◆ **Collected material**

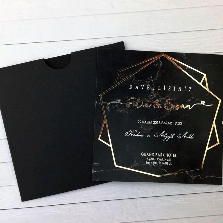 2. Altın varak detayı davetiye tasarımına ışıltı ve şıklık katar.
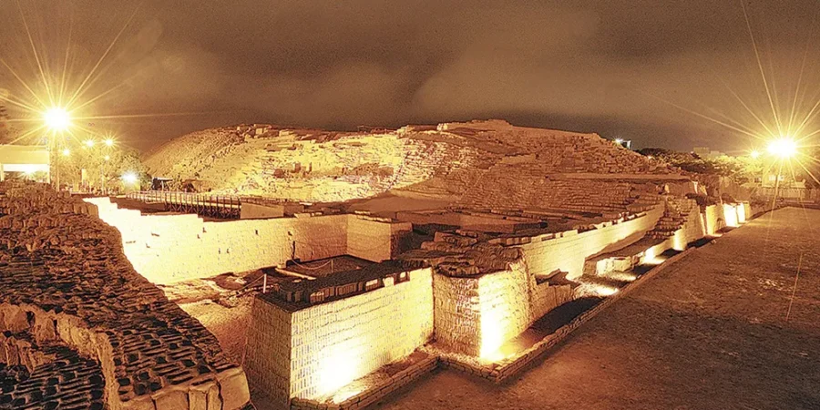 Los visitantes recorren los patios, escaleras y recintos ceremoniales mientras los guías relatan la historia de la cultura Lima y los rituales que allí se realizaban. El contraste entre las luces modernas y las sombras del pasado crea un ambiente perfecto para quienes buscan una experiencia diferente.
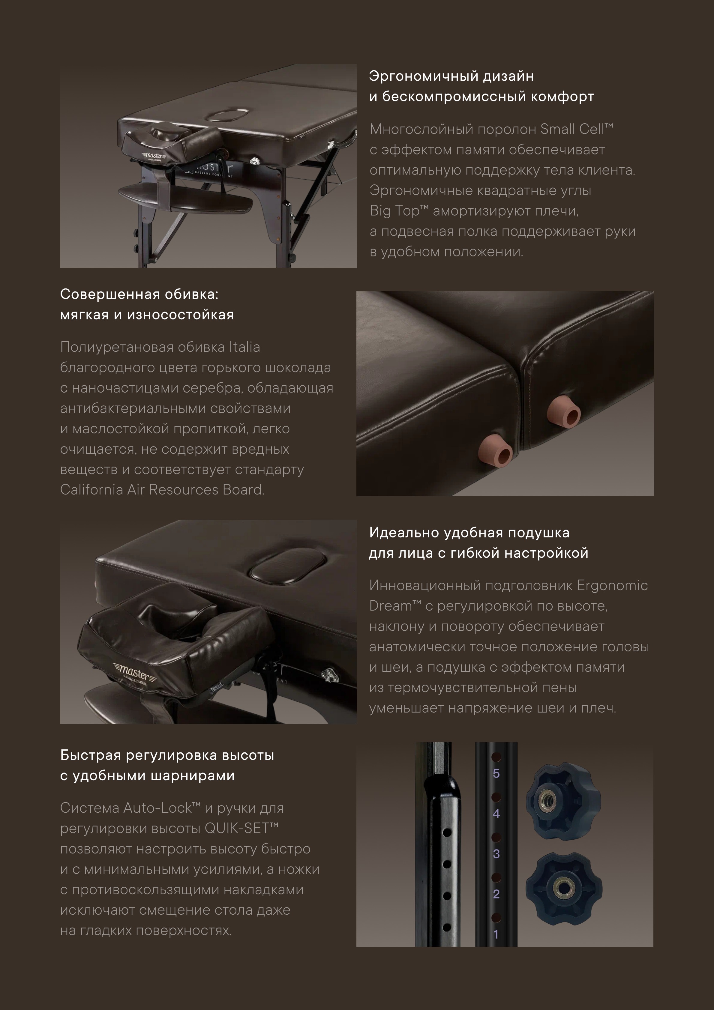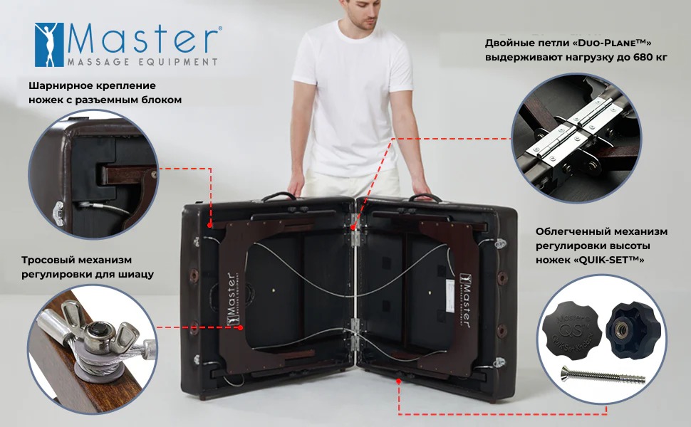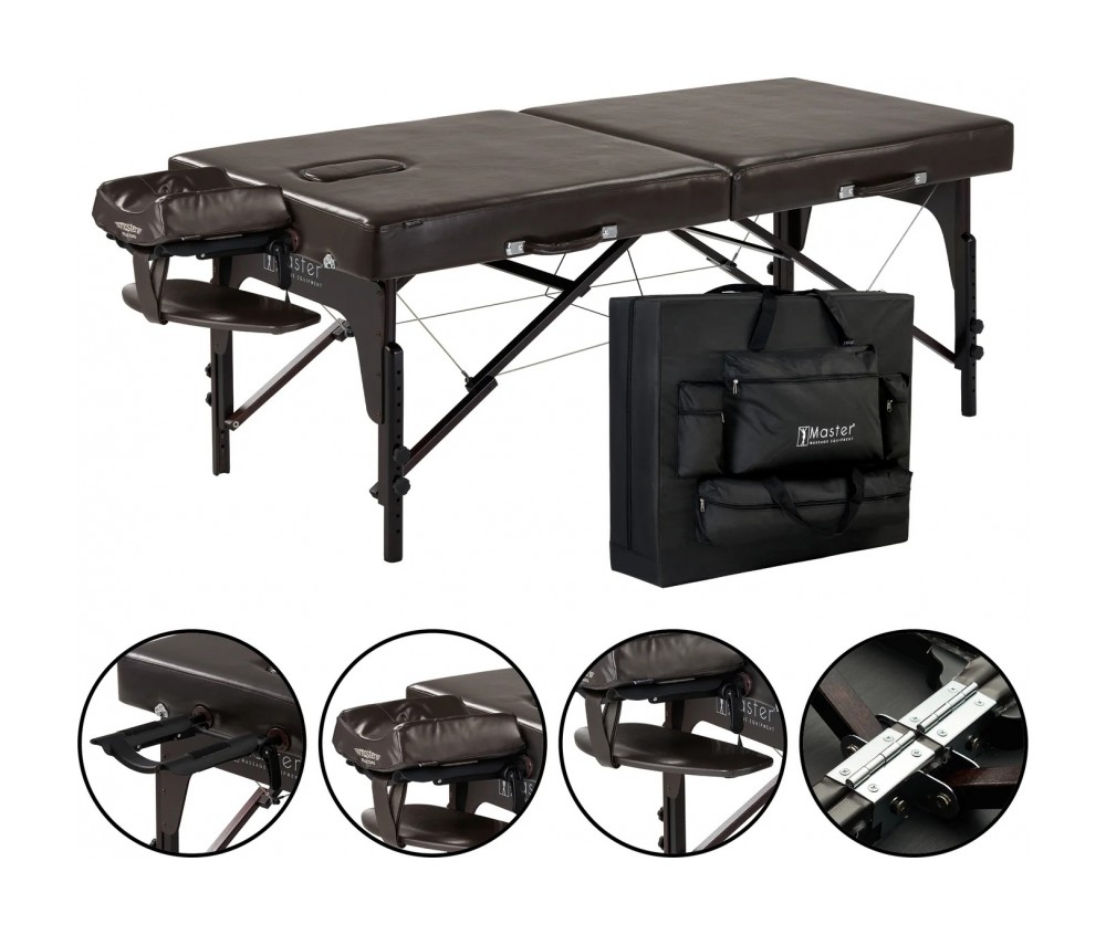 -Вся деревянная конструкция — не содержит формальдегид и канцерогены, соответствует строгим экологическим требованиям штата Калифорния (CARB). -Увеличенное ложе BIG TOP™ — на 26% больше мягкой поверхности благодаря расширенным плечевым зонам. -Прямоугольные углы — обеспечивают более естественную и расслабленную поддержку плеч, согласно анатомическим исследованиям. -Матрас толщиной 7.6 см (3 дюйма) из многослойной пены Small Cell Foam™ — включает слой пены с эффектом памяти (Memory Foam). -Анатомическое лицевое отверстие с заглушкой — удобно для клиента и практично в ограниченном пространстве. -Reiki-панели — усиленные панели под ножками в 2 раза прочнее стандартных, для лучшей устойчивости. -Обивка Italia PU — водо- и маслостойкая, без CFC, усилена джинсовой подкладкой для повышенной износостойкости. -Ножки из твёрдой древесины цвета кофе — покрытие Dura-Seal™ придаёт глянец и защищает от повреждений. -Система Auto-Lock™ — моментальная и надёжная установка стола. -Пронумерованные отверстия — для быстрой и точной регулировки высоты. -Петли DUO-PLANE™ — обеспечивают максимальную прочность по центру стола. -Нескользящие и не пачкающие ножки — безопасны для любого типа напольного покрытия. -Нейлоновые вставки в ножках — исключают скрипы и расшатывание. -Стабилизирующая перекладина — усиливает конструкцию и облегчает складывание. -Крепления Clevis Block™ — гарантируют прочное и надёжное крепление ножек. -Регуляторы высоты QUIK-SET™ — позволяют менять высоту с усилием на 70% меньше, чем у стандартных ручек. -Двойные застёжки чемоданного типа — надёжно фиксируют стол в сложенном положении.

◆ **Directions for this task**
Every line above should be returned exactly; the pictures stay out.

◆ **Answer for the task**
 2. Altın varak detayı davetiye tasarımına ışıltı ve şıklık katar.
 Los visitantes recorren los patios, escaleras y recintos ceremoniales mientras los guías relatan la historia de la cultura Lima y los rituales que allí se realizaban. El contraste entre las luces modernas y las sombras del pasado crea un ambiente perfecto para quienes buscan una experiencia diferente.
 -Вся деревянная конструкция — не содержит формальдегид и канцерогены, соответствует строгим экологическим требованиям штата Калифорния (CARB). -Увеличенное ложе BIG TOP™ — на 26% больше мягкой поверхности благодаря расширенным плечевым зонам. -Прямоугольные углы — обеспечивают более естественную и расслабленную поддержку плеч, согласно анатомическим исследованиям. -Матрас толщиной 7.6 см (3 дюйма) из многослойной пены Small Cell Foam™ — включает слой пены с эффектом памяти (Memory Foam). -Анатомическое лицевое отверстие с заглушкой — удобно для клиента и практично в ограниченном пространстве. -Reiki-панели — усиленные панели под ножками в 2 раза прочнее стандартных, для лучшей устойчивости. -Обивка Italia PU — водо- и маслостойкая, без CFC, усилена джинсовой подкладкой для повышенной износостойкости. -Ножки из твёрдой древесины цвета кофе — покрытие Dura-Seal™ придаёт глянец и защищает от повреждений. -Система Auto-Lock™ — моментальная и надёжная установка стола. -Пронумерованные отверстия — для быстрой и точной регулировки высоты. -Петли DUO-PLANE™ — обеспечивают максимальную прочность по центру стола. -Нескользящие и не пачкающие ножки — безопасны для любого типа напольного покрытия. -Нейлоновые вставки в ножках — исключают скрипы и расшатывание. -Стабилизирующая перекладина — усиливает конструкцию и облегчает складывание. -Крепления Clevis Block™ — гарантируют прочное и надёжное крепление ножек. -Регуляторы высоты QUIK-SET™ — позволяют менять высоту с усилием на 70% меньше, чем у стандартных ручек. -Двойные застёжки чемоданного типа — надёжно фиксируют стол в сложенном положении.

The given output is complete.